CN114456348A

CN114456348A - Preparation method of waterborne polyurethane for organic silicon modified polyester polyether type leather finishing

Info

Publication number: CN114456348A
Application number: CN202111588962.XA
Authority: CN
Inventors: 童自强; 沈梦; 姜美佳; 孔丁峰
Original assignee: Hebei Sankeshu Coating Co ltd
Current assignee: Hebei Sankeshu Coating Co ltd
Priority date: 2021-12-23
Filing date: 2021-12-23
Publication date: 2022-05-10

Abstract

The invention relates to the technical field of waterborne polyurethane, in particular to a preparation method of waterborne polyurethane for coating organic silicon modified polyester polyether type leather, which comprises the following steps: dehydrating the polyhydric alcohol, and performing step two: prepolymer reaction, step three: hydrophilic chain extension, step four: reducing the viscosity with acetone, and performing the fifth step: and (5) chain extension of micromolecules, and the sixth step: and (5) neutralization, step seven: emulsification and post-chain extension, step eight: the method for removing acetone simultaneously uses polyether polyol and polyester polyol, combines the advantages of the polyether polyol and the polyester polyol, and obtains the waterborne polyurethane product with high mechanical strength and low water absorption rate; aliphatic diisocyanate is used to obtain yellowing resistance; meanwhile, long-chain organic silicon is introduced for modification, so that the surface energy is reduced, an excellent hydrophobic effect is obtained, and the aqueous polyurethane emulsion has the characteristics of yellowing resistance, excellent waterproof performance, excellent mechanical property and the like, and is very suitable for the field of leather finishing.

Description

Preparation method of waterborne polyurethane for organic silicon modified polyester polyether type leather finishing

Technical Field

The invention relates to the technical field of waterborne polyurethane, in particular to a preparation method of waterborne polyurethane for coating organic silicon modified polyester polyether type leather.

Background

The finishing is the last process in the manufacturing process of the natural leather and is one of the more critical processes.
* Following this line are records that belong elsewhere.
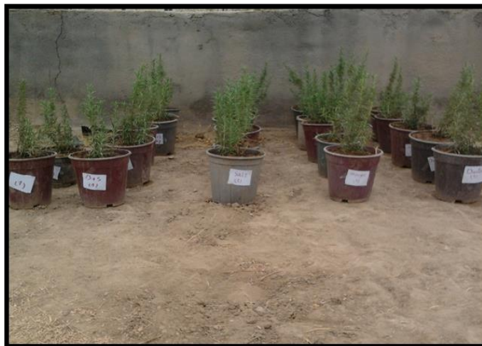
شکل ۱- شیوه کشت گونه رزماری در طرح آزمایش Figure 1- Rosmarinus Officinalis in the experimental design

در آغاز دوره گل‌دهی، ۵ پایه از گیاهان کشت شده در گلدان‌ها را به همراه ریشه‌ها به‌دقت از گلدان خارج کرده و صفات مورد نظر شامل ارتفاع گیاه، وزن تر و خشک ریشه و اندام هوایی و هم‌چنین وزن خشک تولیدی در واحد مترمربع اندازه‌گیری و محاسبه گردید. برای تعیین میزان اسانس از روش استخراج و تقطیر با بخار به‌طور هم‌زمان با یک حلال آلی و دستگاه SDE ۲ (ساخت شرکت اشک شیشه ایران) استفاده گردید به این صورت که ۵۰ گرم از بخش هوایی خشک شده گیاه کاملاً خرد شده و در بالن ۲۵۰ سی‌سی ریخته و به آن میزان ۱۵۰ سی‌سی آب مقطر اضافه گردید. بعد چهار ساعت با دانستن وزن ماده خشک گیاه و وزن اسانس، از طریق تناسب بازده اسانس به‌صورت درصد مشخص شد.
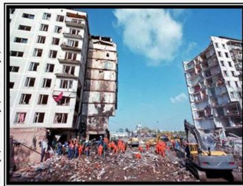
9 и 13 сентября 1999 года: взрывы жилых домов на улице Гурьянова и на Каширском шоссе.
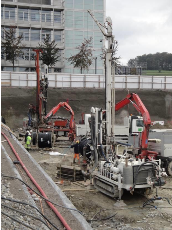
Zwei der insgesamt sieben Bohrgeräte auf dem Sondenfeld 3. Etappe ETH Zürich in Aktion (208 Stk. Erdwärmesonden à 200m)
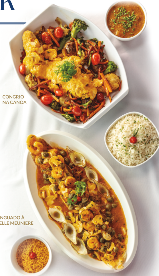
CONGRIO NA CANOA
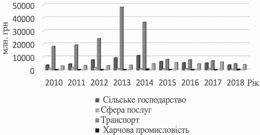
Рис. 2. Розподіл вартості чинних договорів фінансового лізингу за галузями, 2010-2018 рр., млн. грн

Джерело: складено на основі: [7, 12, 13, 14, 15, 16].
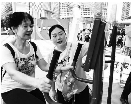
居民在数字联动智能骑行赛中。
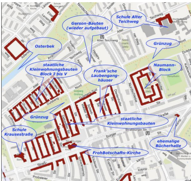
Ausschnitt aus der Denkmalkarte Hamburg ( dunkelrot : denkmal-geschützte Gebäude)

Beim Rundgang durch den weitgehend unter Denkmalschutz stehenden Stadtteil wird erläutert, welche Elemente der ursprünglichen Planung dieses durch Backstein, rhythmische Gliederungen der Baumassen und den die Mittelachse bildenden Grünzug geprägten Viertels die letzten 90 Jahre überdauert haben.

The resin coating can improve the beautiful appearance and the durability of leather, improve the grade of the leather, cover the leather damage, endow the finished leather with beautiful appearance, comfortable hand feeling and good mechanical property, the polyurethane emulsion has good flexibility, low temperature resistance, fatigue resistance and the like as a leather coating agent, the advantages of the polyurethane emulsion are recognized by the industry, the initial polyurethane leather coating agent is solvent-based moisture-curing polyurethane, the defects of solvent pollution, high cost and the like exist, in 1972, a German Bayer company firstly develops the water-based polyurethane leather coating agent, the research of the polyurethane emulsion coating agent is started in the middle and later period of 20 th century in China, the water-based polyurethane leather coating agent is generally applied in the soft leather industry at present, and the polyurethane emulsion coating agent has the varieties of common polyether aromatic polyurethane, aliphatic non-yellowing, organic silicon modified water-based polyurethane bright coating agent and the like, compared with the prior acrylic ester emulsion leather finishing agent, the water-based polyurethane overcomes the defects of hot sticking and cold brittleness of acrylic ester resin, has the characteristics of good low temperature resistance, wear resistance, folding resistance, soft and plump hand feeling and the like, plays an increasingly important role in the field of leather finishing agents, and has great development potential.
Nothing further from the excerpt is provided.